Cellist Laura van der Heijden was last year’s recipient of the Royal Philharmonic Society instrumentalist award, consolidating in style her BBC Young Musician win in 2012, when she was just 16. As a shining role model to musicians of her generation, her collaboration with the young professional talent of Sinfonia Cymru – here in string ensemble mode and on a short Welsh tour – was always going to be inspiring.
Van der Heijden had assembled an unusual mix of music, opening with a series of pieces associated with the stuff of fairytale by way of prelude to the Cello Concerto by Dobrinka Tabakova. From Élisabeth Jacquet de la Guerre’s Les Démons – plus foot-stamps and knee slapping for percussive effect – the sequence moved seamlessly through Grace Williams, Caroline Shaw, Hildegard von Bingen and Pablo Casals to Maurice Ravel in a persuasive and atmospheric flow. Disarmingly, Van der Heijden had placed herself not out front but in the position of principal cello; the quiet authority of her gestures and an easy rapport with Sinfonia Cymru’s leader Haim Choi, found her occasional solo lines – as in Casals’ Song of the Birds – emerging with effortless grace.
Taking centre stage for the Tabakova concerto, Van der Heijden moved up a gear, forceful in the highly rhythmic pulsing of the first movement, entitled Turbulent, and, in the central movement, Longing, realising the lyrical intensity of its slow burn.
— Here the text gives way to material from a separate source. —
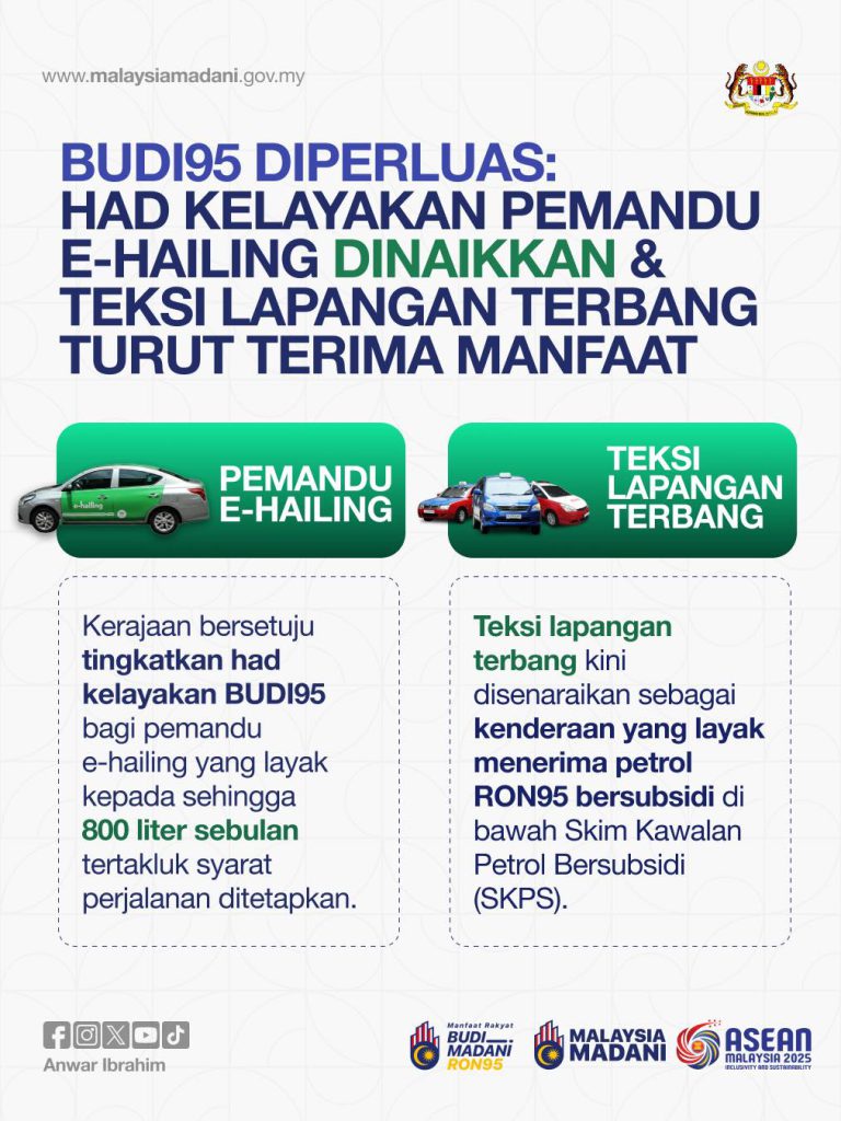 4 NOV : Pemandu e-hailing yang layak akan mula menerima penambahan kuota subsidi BUDI MADANI RON95 (BUDI95), pertengahan bulan ini.

Tabakova sees her concerto as one long arc and, in the finale, Radiant, soloist and ensemble succeeded in bringing a sense of heightened sensibilities, with the now fiery cello writing showing Van der Heijden at her virtuosic best.
In the second half, a sequence of folk-inflected compositions progressed towards a performance of Bartók’s Divertimento for Strings. Knowing that this work was completed just days before the onset of the second world war gave it a chillingly contemporary feel, muted strings conveying a deep anguish in the Molto Adagio. It was in the eloquent complexity of Bartók’s writing that Sinfonia Cymru came into its own, with incisive and expressive playing and, particularly in the moments of real emotional urgency, a vibrancy reflecting well on the success of the imaginative partnership with Van der Heijden.
• On BBC Radio 3 in Concert on 18 March.